The Data Manipulation 3.0 test simulates the demands of data-heavy applications such as fitness and financial apps. It measures the time to parse data from various file formats, then records the frame rate while interacting with dynamic charts.

Workload tasks

The first part of the test focuses on measuring performance while reading, parsing, and validating data. 

  1. Read 10,000 tuples (date, value) of data from a CSV file with a standard InputStreamReader.
  2. Read 10,000 tuples (date, value) of data from a XML file with Android-standard XmlPullParser.
  3. Read 10,000 tuples (date, value) of data from a JSON file with the common GSON library.
  4. Read 10,000 tuples (date, value) of data from Protocol Buffers using Wire by Square Inc. 

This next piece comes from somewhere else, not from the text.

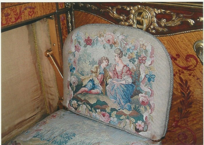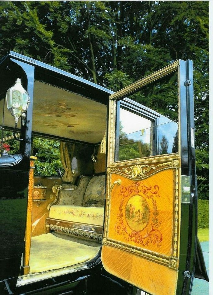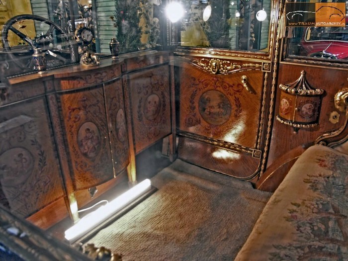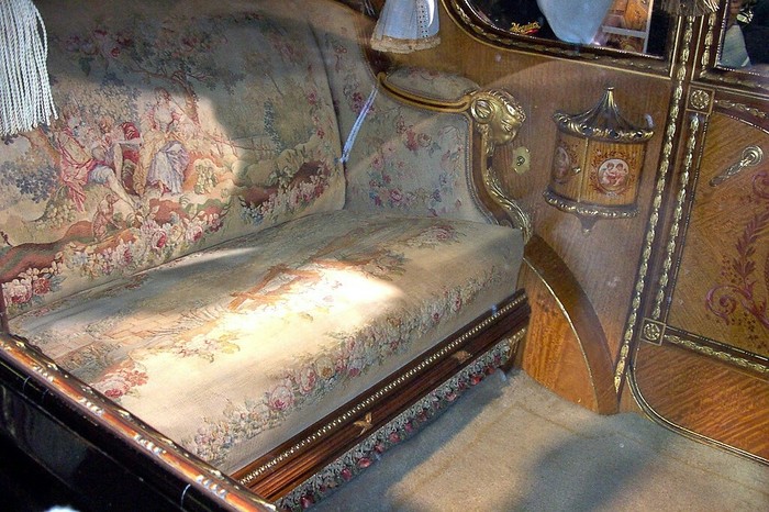 Интересно, что пассажирский закрытый салон функционально разделён на две зоны: задняя, с роскошным диваном и бархатными шторками - для хозяйки. А передняя, у дверей, оснащена двумя довольно скромными складными сидушками-страпонтенами, явно для прислуги. Промеж этих сидушек обустроен бар, напоминающий старинный комод, и пышные часы позолоченной бронзы.
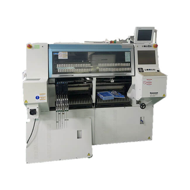 PANASONIC BM123 is a high performance PC board assembly and manufacturing equipment designed for the high speed automated production of printed circuit board assemblies. The system has been developed for high-volume, high-mix production of medium-to-large sized PC boards with a wide variety of component types. The unit can handle up to 400 components for the simultaneous assembly of complex and fine-pitch components onto printed circuit boards. BM123 is made up of several key components including a feeder unit, an indexing machine, an intelligent vision tool, a laser measuring asset and an intelligent table controller. The feeder unit can feed both

In the second part of the test, the data is visualized with dynamic, animated charts using the common open-source MPAndroidChart library. Several charts are tested with animations and common gestures such as swipe and zoom. 

  1. A cubic line chart is tested with three swipes forward and backward, vertical and horizontal zoom-in/out, and X/Y animations.
  2. A bar chart is tested with three swipes forward and backward, horizontal zoom-in/out, and X/Y animations.
  3. A pie chart is tested with swipe forward and backward, circular swipe, and circular animation.
  4. A real-time cubic line chart is tested with a new data point added every 30 milliseconds.
  5. Multiple line, bar, and cubic charts are shown inside a horizontal RecyclerView while performing scrolling animations.

Scoring

DataManipulation3.0 score    =    5,000 × geomean(P_1,P_2 )

Where:
P1     =    geomean(1/R1, 1/R2, 1/(R3^2), 1/(R4^2))
P2     =    geomean(C1, C2, C3, C4, C5)

And where:
R1     =    Time to parse data from the CSV file in workload task 1
R2     =    Time to parse data from the XML file in workload task 2
R3     =    Time to parse data from the JSON file in workload task 3
R4     =    Time to parse data from the Protocol Buffer file in task 4
C1     =    The harmonic mean of the average draws/s for each part of workload task 5.
C2     =    The harmonic mean of the average draws/s for each part of workload task 6.
C3     =    The harmonic mean of the average draws/s for each part of workload task 7.
C4     =    The average draws/s for the duration of workload task 8. 
C5     =    The harmonic mean of the average draws/s for each part of workload task 9.